Momentum is a sustained increase in price because demand outpaces supply. Hence, to make money from momentum, it makes sense to get in on the "demand side" as early as possible on a stock that other traders in the market will eventually buy. As long as demand continues to increase, returns for the early buyers will increase. Therefore, momentum traders must buy stocks that other traders want, before the other traders want them. This principal incentivises traders to make predictions on the next "hot stock", to monitor one another, and jump on the bandwagon as soon as a stock has shown some evidence of positive momentum. Therefore, momentum works for traders who are able to identify stocks with momentum early enough.
This explanation may not have given credit to fundamental factors, but I recognise that fundamental analysis is equally important. The past financial crises have taught us that it is not enough for a stock to have price momentum; the company must have value-creation momentum as well. Only fundamental analysis can help us filter stocks that create value.
In the trading simulation, note how the S&P 500 absolutely slayed the CM-based strategy. Only after the Dot-Com crash (first peak in the green graph) did the strategy start to match the S&P 500. Next, after the 2007 financial crisis, CM destroyed the S&P 500. I am not suggesting the strategy will become even more effective in the years to come. My point is that the relationship between indicators and stock prices change over time. Traditional indicators like MACD and RSI may have worked in the past, but don't work in the modern era. Newer indicators like CM failed in the past, but can now be used to beat the market.
This phenomenon is related to investor psychology, which has been researched in depth by experts like Robert Shiller. On a broader level, stocks demonstrate how people think and survive. We observe how some practices translate to a reward, and we adapt. As more of us start to adapt, we crowd out the rewards. Some of us create new practices that are equally or more rewarding, and others adapt. This cycle causes old relationships (between practices and rewards) to break down, and new relationships to form. Consequently, there is no equilibrium; only efforts to strive toward one. We invent an equilibrium retrospectively (using past data) and then shape a narrative of it.
In summary: relationships between indicators and stock prices are never the same...
Consequently, traditional statistical tests (which assume some stable underlying relationship) will not be able to identify these relationships.

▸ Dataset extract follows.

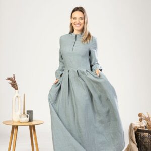 Elegantes Mustard Linen Prairie Maxikleid

This study was limited in several ways. First, we employed a simplified version of Clenow's approach. We did not use Clenow's formula for portfolio re-balancing. Doing so would certainly have affected the portfolio weights. Second, we tested only one configuration: a lookback period of 60 days. Given that trading occurs at a faster pace, it may have been more appropriate to use a shorter lookback period and higher-resolution data. Third, we used only one set of data. I chose the S&P 500 as the universe of stocks that were input into the algorithm. Other more volatile indices like the S&P 400 would have produced different results. I also used daily returns for convenience. The strategy may or may not have been more effective on higher-resolution data. Although a more extensive study would be useful for validating Clenow's approach, the fact that it worked on the S&P 500 shows that it has massive potential.
In this post, we showed that a strategy using Clenow Momentum beat the S&P 500 buy-and-hold benchmark, even though statistical tests showed no significant relation between 5-day forward returns and Clenow Momentum and it's individual components. I propose two explanations for this phenomenon: (1) momentum works and (2) relationships between indicators and stock returns change over time.